Между двумя футбольными клубами Буэнос-Айреса – «Ривер Плейтом» и «Бока Хуниорсом» – идет, как известно, вечное непримиримое соперничество. Однако существует противоборство, которое формировало жизнь на Земле с самого начала, и оно продолжается по сей день. Основная гонка вооружений на планете происходит между двумя непримиримыми врагами, ядерными сверхдержавами микробиологического мира – бактериями и вирусами (или бактериофагами), стремящимися уничтожить друг друга. Эта война длится вечность, по крайней мере не меньше миллиарда лет.
Еще до пандемии COVID-19 мы знали, что вирусы – это невидимая опасность, предвестники болезней и смертей.
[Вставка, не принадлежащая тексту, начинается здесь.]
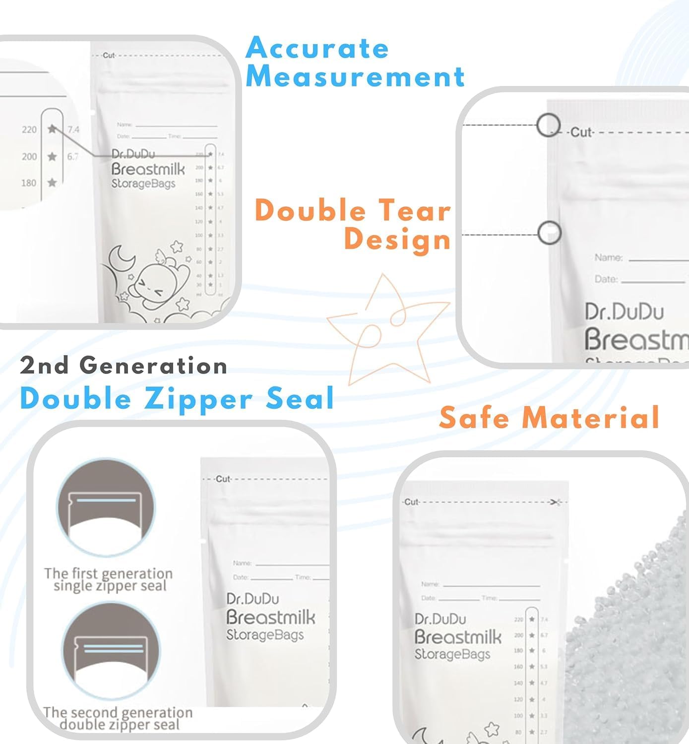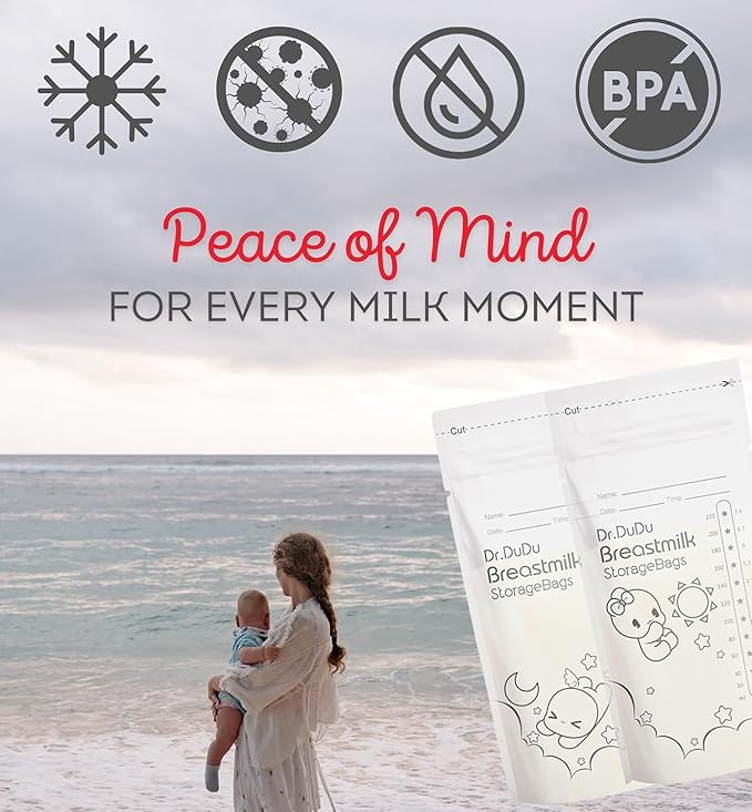 LEAK-PROOF & SELF-STANDING: Each breast milk storage bag is specially designed with double zipper for extra security and sealing. It makes the bag completely leak-proof and with no-spill & self-standing bottom. You can store the milk easily and conveniently in refrigerator
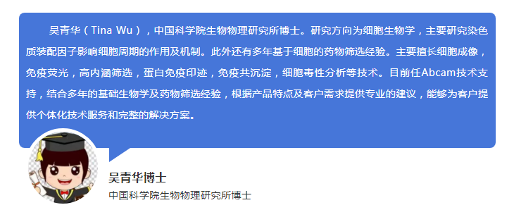 还有Abcam资深技术专家深入剖析有关细胞成像技术,包括各种细胞结构的荧光标记手段、复杂细胞的染色步骤、实验技巧以及近年来出现的相关特色产品等。

В своем известном высказывании лауреат Нобелевской премии Джошуа Ледерберг утверждал, что «самая серьезная угроза дальнейшему господству человека на планете – это вирусы». Помимо социального дистанцирования и некоторого естественного иммунитета, у человечества в арсенале мер противодействия имеются также вакцинация и множество специализированных или перепрофилированных методов лечения, а кроме того – препаратов. Угроза никогда не исчезнет, поскольку вирусы способны мутировать, развиваться, захватывать генетический материал своих хозяев и постоянно перерождаться.
Бактерии хорошо нас понимают. Они постоянно сталкиваются с атаками со стороны бактериофагов – вирусов, которые заражают исключительно бактерии. На планете Земля существует непостижимое количество бактериофагов (10 нониллионов (10-10)!), то есть по одному триллиону на каждую песчинку[65]. «Не спрашивайте меня, как люди получают это число, но я им верю», – говорит Марраффини[66]. Если расположить эти субмикроскопические фаги вплотную друг к другу, эта цепочка растянется на 200 млн световых лет[67]. Под электронным микроскопом многие из них выглядят довольно угрожающе, напоминая нечто среднее между лунным посадочным модулем и пауком, лапы которого растопырены, чтобы зацепиться за поверхность клетки. Другие обладают невинным очарованием круглого леденца на палочке с длинным хвостом. После присоединения вирус вводит в бактериальную клетку свой собственный генетический материал, короткую цепочку ДНК или ее двоюродную химическую сестру, РНК, используя механизмы синтеза белка бактериальной клетки. За 20–30 минут десятки и сотни заново скомпонованных вирусных потомков вырываются из уже погибшей клетки, подобно полчищу Чужих, вырвавшихся из живота Джона Хёрта. «Клетки взрываются, они лопаются, как воздушные шары», – говорит Марраффини.